++++ Source records ++++
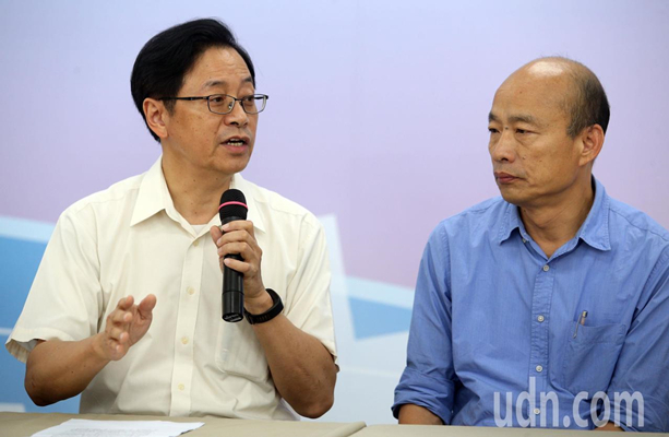 韓國瑜“國政顧問團(tuán)總召”張善政(左)、國民黨2020參選人韓國瑜(右)(圖片來源:臺灣《聯(lián)合報》)
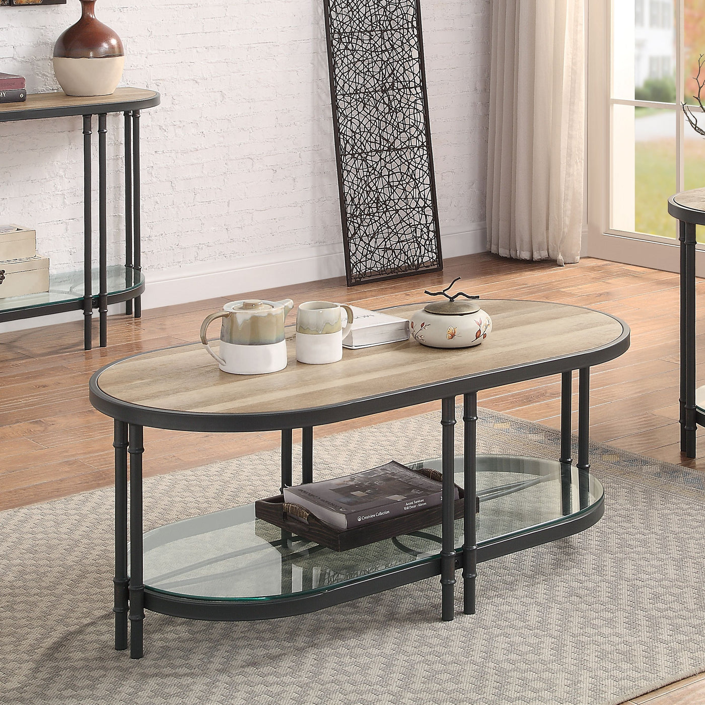 Understated pipe-inspired details add a casual and welcoming ambiance to this oval coffee table. It features a graceful, curved silhouette that encourages flow within your living space. The frame boasts a sandy black finish paired with an oak wood grain finish tabletop perfect for a centerpiece. A lower shelf adds a spot for books and additional decor and features clear glass construction for a lightened finishing touch.
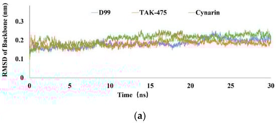 (a) The trajectory of MD simulations of three complexs: average protein RMSD; Blue, red and green bars represent for the data of D99, TAK-475 and cynarin, respectively; (b) Root mean square fluctuation (RMSF) corresponds to MD trajectory; (c) the analysis of hydrophobic residues implicated in docking.
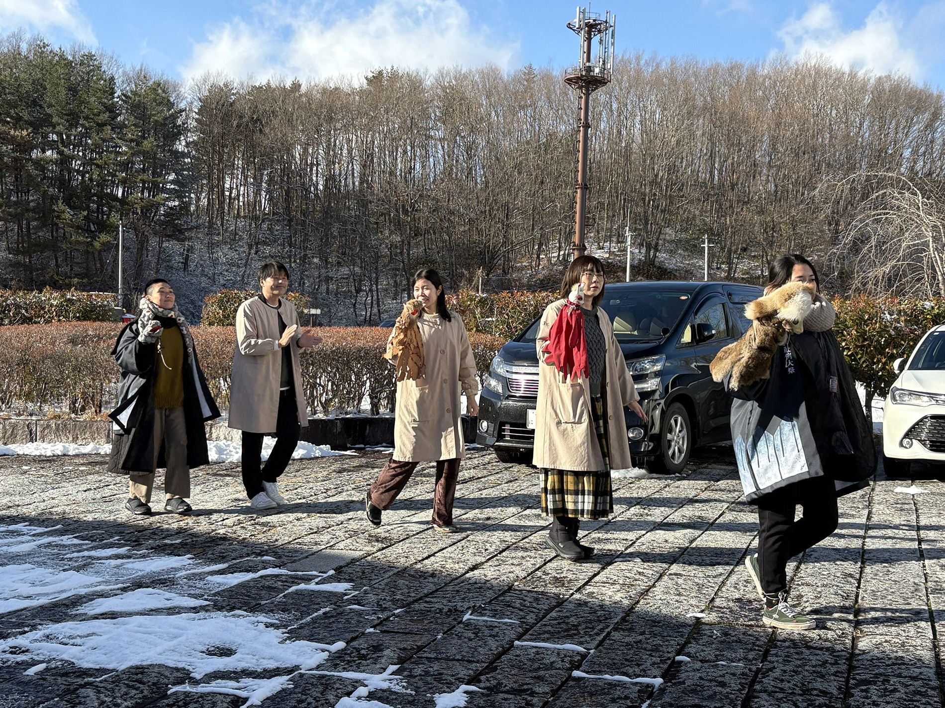 最近再開したという牧場から牛肉を直で買って、美味しいステーキもつくってくださいました。長い時間かかって、完全ではないけれども牧場や農場の土が少しずつ元に戻り、そこに草が生え、その草を牛が食べ、育ち、美味しい肉となって私の口に入る、その美味しさはひとしおです。栄養となって私の体の一部となり、健康で大満足です。が、これからはその先を考えます。人間だけの満足、人間中心の思考で終わらないために、また、私の体も地球の一部として機能するように、次へバトンタッチする何かを考えるようになります。自分の作品も人々によってリレーし、バトンタッチしていける構造を持ったものにしたいと思いました。この様に、あらゆる当たり前の大切さを、改めて意識化してくれる飯舘村は、私にとってまるで自然の学校のように見えてきました。今でこそ地球温暖化と、それによる人間のエコロジー不安という問題で世界の研究が盛んになりましたが、飯舘は 15 年前の震災という未曾有の自然災害と原発事故による人災を被り、人間が地球にしてきた無謀なコントロールの実態というものに直面し、いち早くそのトラブルシューティングに具体的に取り組み、実験、実践してこられたのだと思います。私が飯舘という場所が地球の“へそ”みたいだと感じるのは、自然豊かな場所であり大きな災害があった場所であると同時に、それによって場の時間軸が変わり普遍性を帯び、人間界と自然界の結界のように感じるからと思います。
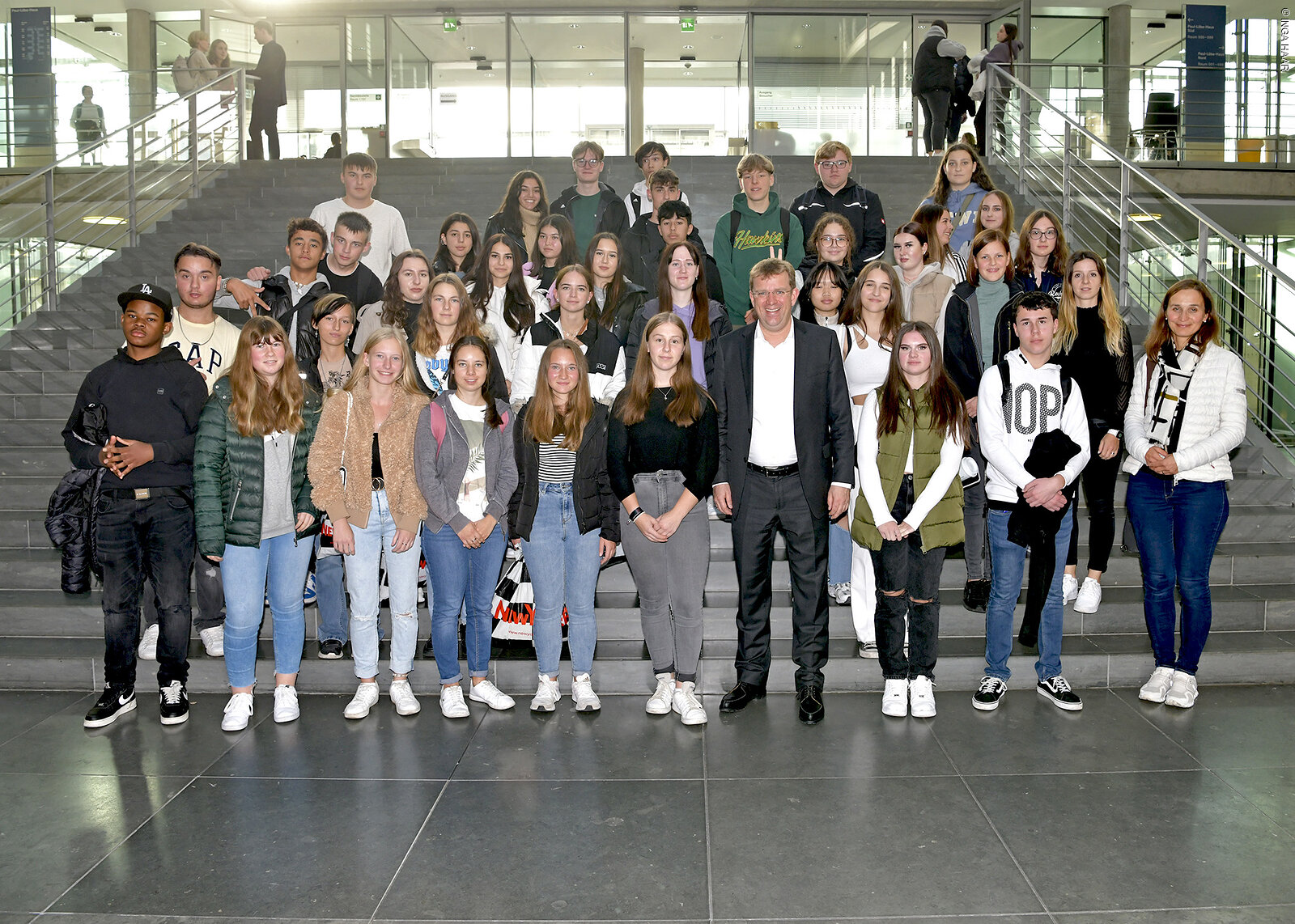 Reinhard Brandl hat sich über den Besuch der Schülerinnen und Schüler der Wirtschaftsschule Neuburg gefreut. Es ging um den Krieg in der Ukraine und um die Energiekrise.
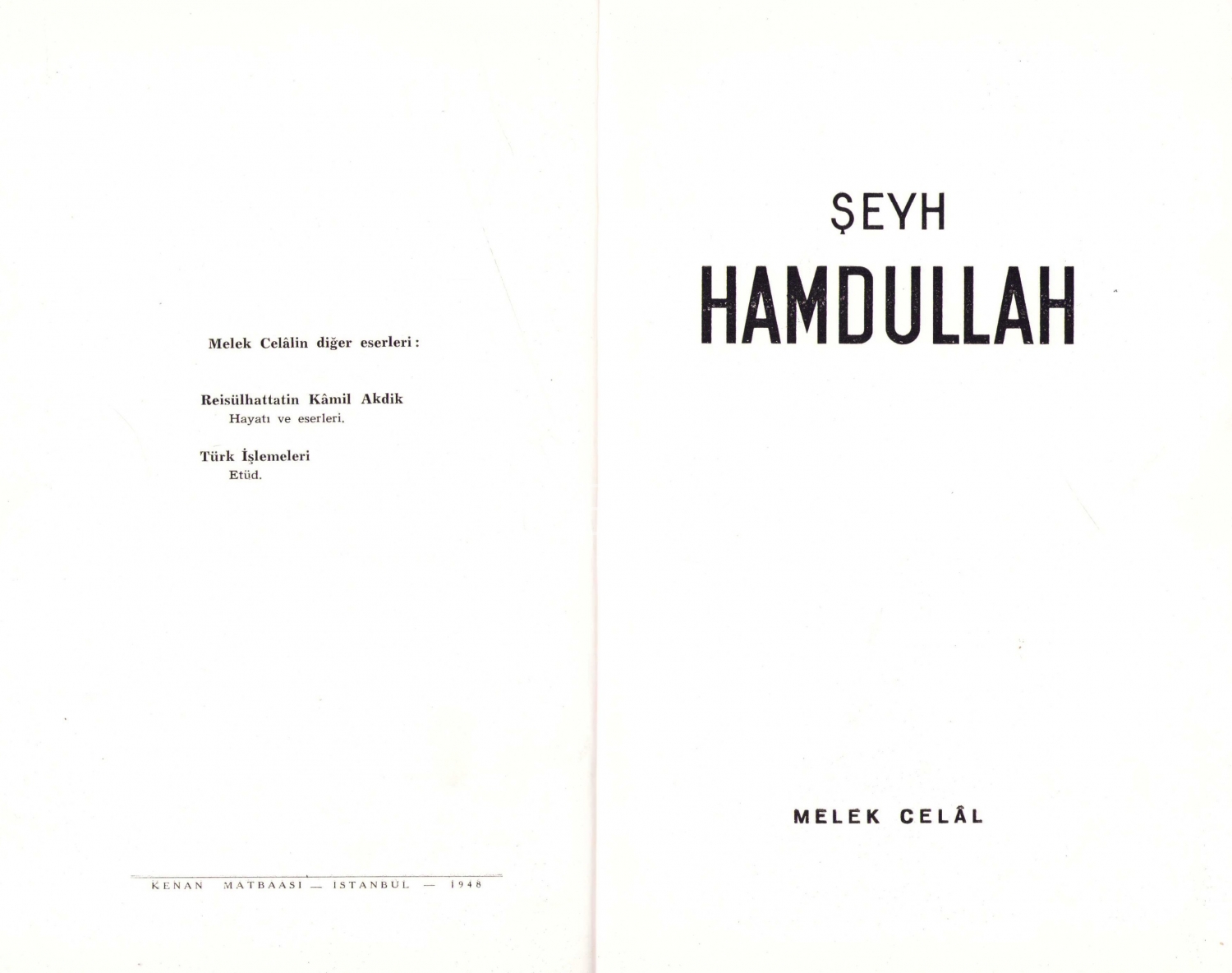 Şeyh Hamdullah, Melek Celal, Kenan Matbaası, İstanbul, 1948, 34 sayfa, 16x23cm
++++
### About this task
Restate the data word for word without pictures.

### Problem solution
 韓國瑜“國政顧問團(tuán)總召”張善政(左)、國民黨2020參選人韓國瑜(右)(圖片來源:臺灣《聯(lián)合報》)
 Understated pipe-inspired details add a casual and welcoming ambiance to this oval coffee table. It features a graceful, curved silhouette that encourages flow within your living space. The frame boasts a sandy black finish paired with an oak wood grain finish tabletop perfect for a centerpiece. A lower shelf adds a spot for books and additional decor and features clear glass construction for a lightened finishing touch.
 (a) The trajectory of MD simulations of three complexs: average protein RMSD; Blue, red and green bars represent for the data of D99, TAK-475 and cynarin, respectively; (b) Root mean square fluctuation (RMSF) corresponds to MD trajectory; (c) the analysis of hydrophobic residues implicated in docking.
 最近再開したという牧場から牛肉を直で買って、美味しいステーキもつくってくださいました。長い時間かかって、完全ではないけれども牧場や農場の土が少しずつ元に戻り、そこに草が生え、その草を牛が食べ、育ち、美味しい肉となって私の口に入る、その美味しさはひとしおです。栄養となって私の体の一部となり、健康で大満足です。が、これからはその先を考えます。人間だけの満足、人間中心の思考で終わらないために、また、私の体も地球の一部として機能するように、次へバトンタッチする何かを考えるようになります。自分の作品も人々によってリレーし、バトンタッチしていける構造を持ったものにしたいと思いました。この様に、あらゆる当たり前の大切さを、改めて意識化してくれる飯舘村は、私にとってまるで自然の学校のように見えてきました。今でこそ地球温暖化と、それによる人間のエコロジー不安という問題で世界の研究が盛んになりましたが、飯舘は 15 年前の震災という未曾有の自然災害と原発事故による人災を被り、人間が地球にしてきた無謀なコントロールの実態というものに直面し、いち早くそのトラブルシューティングに具体的に取り組み、実験、実践してこられたのだと思います。私が飯舘という場所が地球の“へそ”みたいだと感じるのは、自然豊かな場所であり大きな災害があった場所であると同時に、それによって場の時間軸が変わり普遍性を帯び、人間界と自然界の結界のように感じるからと思います。
 Reinhard Brandl hat sich über den Besuch der Schülerinnen und Schüler der Wirtschaftsschule Neuburg gefreut. Es ging um den Krieg in der Ukraine und um die Energiekrise.
 Şeyh Hamdullah, Melek Celal, Kenan Matbaası, İstanbul, 1948, 34 sayfa, 16x23cm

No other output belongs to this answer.